Мой шаг постепенно перерос в бег. Я бежала, бежала от воды, льющейся на меня мощным потоком, бежала от всех чувств, и бежала от себя.

Ботинки промокли, и комья грязи заляпали мои джинсы. Мне было плевать — ничего я не хотела больше, чем просто придти домой и укутаться в одеяло, включить папин любимый сериал и просто плакать.

Но слезы не шли. Сколько еще должно было произойти, чтобы я наконец дала волю эмоциям, и просто по-человечески расплакалась?

Расстояние до дома сокращалось, и я остановилась. Нельзя, чтобы мама увидела меня такой растрепанной и взмыленной.
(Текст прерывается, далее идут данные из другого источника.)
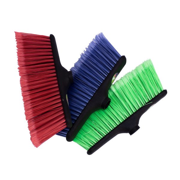Escobillón de plástico con mango de madera, ideal para limpieza en espacios reducidos.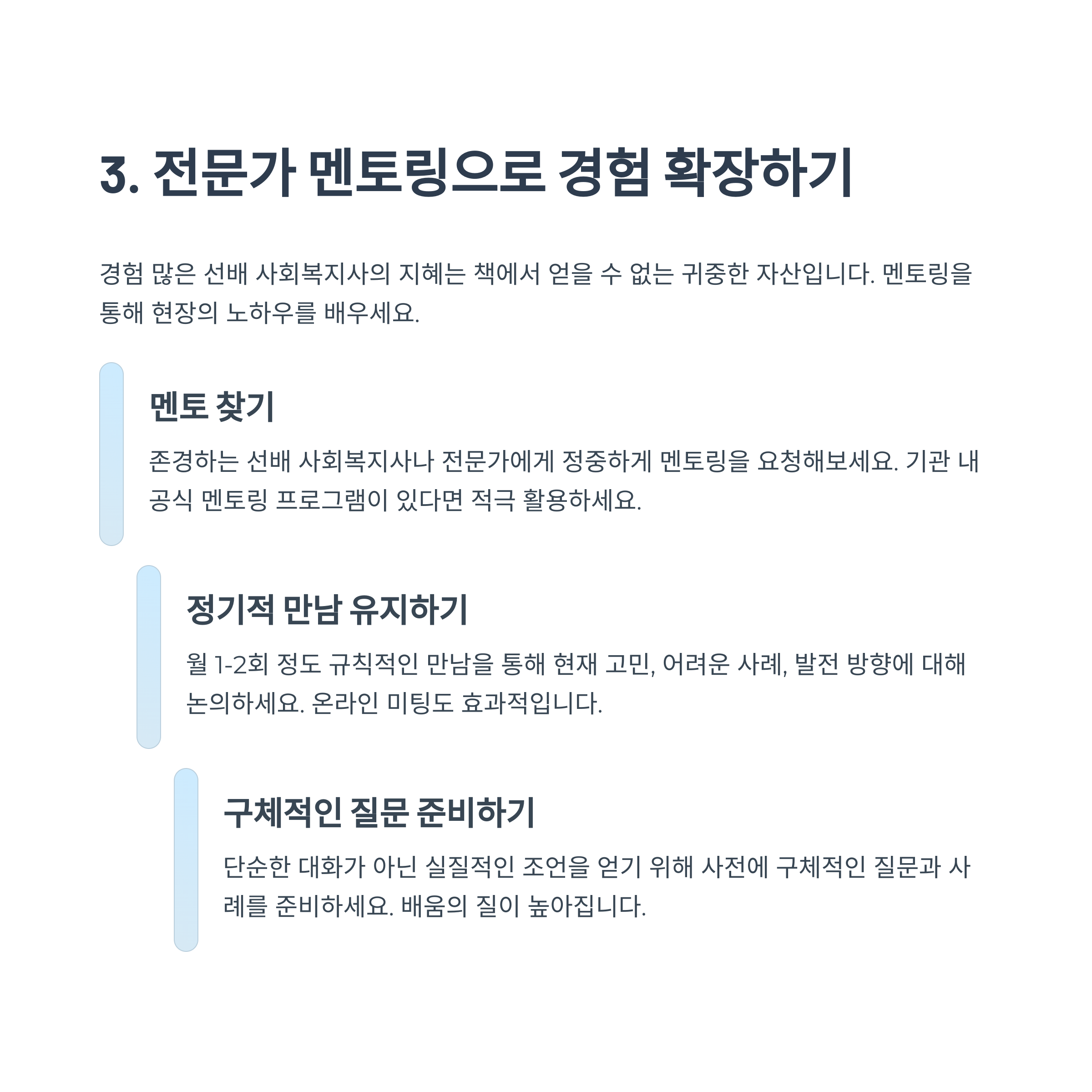 정기적으로 멘토와 만남을 설정하고 사례를 공유하며 질문을 던져 보세요.

Сделав глубокий вдох, я распрямила плечи и пошагала так уверенно, как только могла.

Как только я вывернула на дорогу к дому, то увидела, что на газоне опять куча журналистов. Черт бы их побрал!

Меня тут же заметили. Не иначе, как судьба-сука смеется надо мной!

Я сглотнула и крепче сжала пакет, шага не сбавила. Я иду домой. И они меня не остановят.

Я абстрагировалась от шквала голосов, хлынувшего на меня, словно ушат воды. Все кричали и совали мне под нос микрофоны, кто-то щелкал фотоаппаратом. Их не смущал лютый холод, ледяной дождь. Охотники, злые гладиаторы сплетен.

Я не сомневалась — скоро моя неприглядная фотография окажется на первой полосе желтых газетенок.

И, честно говоря, впервые мне было плевать.

Как я мог так облажаться?!

Она была передо мною — впервые за три года, и все, что я так отчаянно сочинял все это время — вылетело из моей никчемной головы. Все извинения и слова, все, абсолютно, потеряло смысл. Я видел, как горят ее глаза — решительные и немного испуганные. Она не ожидала меня увидеть так скоро. Конечно, она знала, что я приехал. Мама с самого утра перебралась в дом напротив, и я не сомневался — обе наши родительницы наплакались от души. Сыновья чуткость заставила меня проверить их. Ладно, каюсь, не только она, а еще маниакальное желание увидеть Юлю.

Я увидел ее и еще раз убедился — я буду любить ее всегда. Сколько бы времени не прошло, я буду любить ее.